OTC derivative valuation experts SuperDerivatives have responded to the short-term liquidity crisis by releasing an upgraded version of their on-line credit derivatives platform, SD-CD.
SuperDerivatives claims that “the new version represents a substantial increase in the level of functionality, price-transparency and analytic power compared to that offered by currently available solutions addressing challenges posed by the recent dramatic developments in structured credit markets.”
The new version includes a pricing model for bespoke synthetic tranches, with the aim of facilitating efficient and transparent hedging of CDOs.

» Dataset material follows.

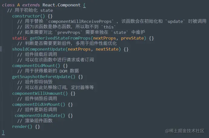 1. 该方法是一个 static 方法意味着这个方法是属于 React.Component 类的方法,所以方法内是无法使用 this 的,这就意味着无法使用 this.setState 来更新 state,所以这个方法直接通过返回对象的形式来更新 state,如果某些 props 的情况不需要更新 state,那么就返回 null 就好。实际上这个方法和 componentDidUpdate 搭配使用,就能覆盖 componentWillReceiveProps 的所有使用场景了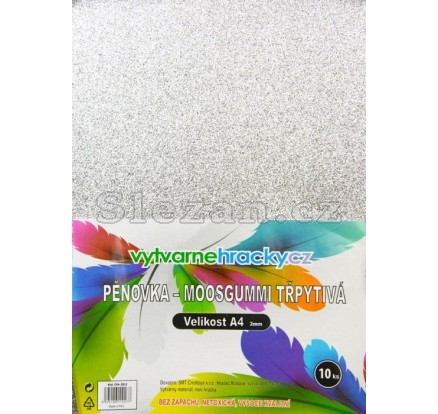 Třpytivá pěnovka - 1 arch Stříbrná, A4 - cca 2 mm

It provides intraday pricing relying on tradable two-way data from multiple sources SuperDerivatives claims competitive products that use previous-day consensus data which does not reflect actual tradable prices- and portfolio utilities which support name-specific default and market risk metrics.
The new version is linked to pricing engines for other asset classes, so users can exploit connections between a company’s credit rating and stock price and the prices of energy products and commodities that are related to the company’s activity and could affect its credit rating.
“The sub-prime crisis has made it clear that many investors do not have the tools for pricing and risk management of the structured credit instruments,” says Sasha Rozenberg, product manager for credit derivatives, SuperDerivatives. “SuperDerivatives is stepping in to fill this gap, improving the transparency and liquidity of credit derivatives as it has done in other asset classes. We’re giving credit derivatives market practitioners a one-stop-shop experience where they can access all asset classes from the same familiar, intuitive user interface resulting in a single, powerful derivatives platform that allows a combined view of all traded asset classes, supporting hybrid structures and strategies.”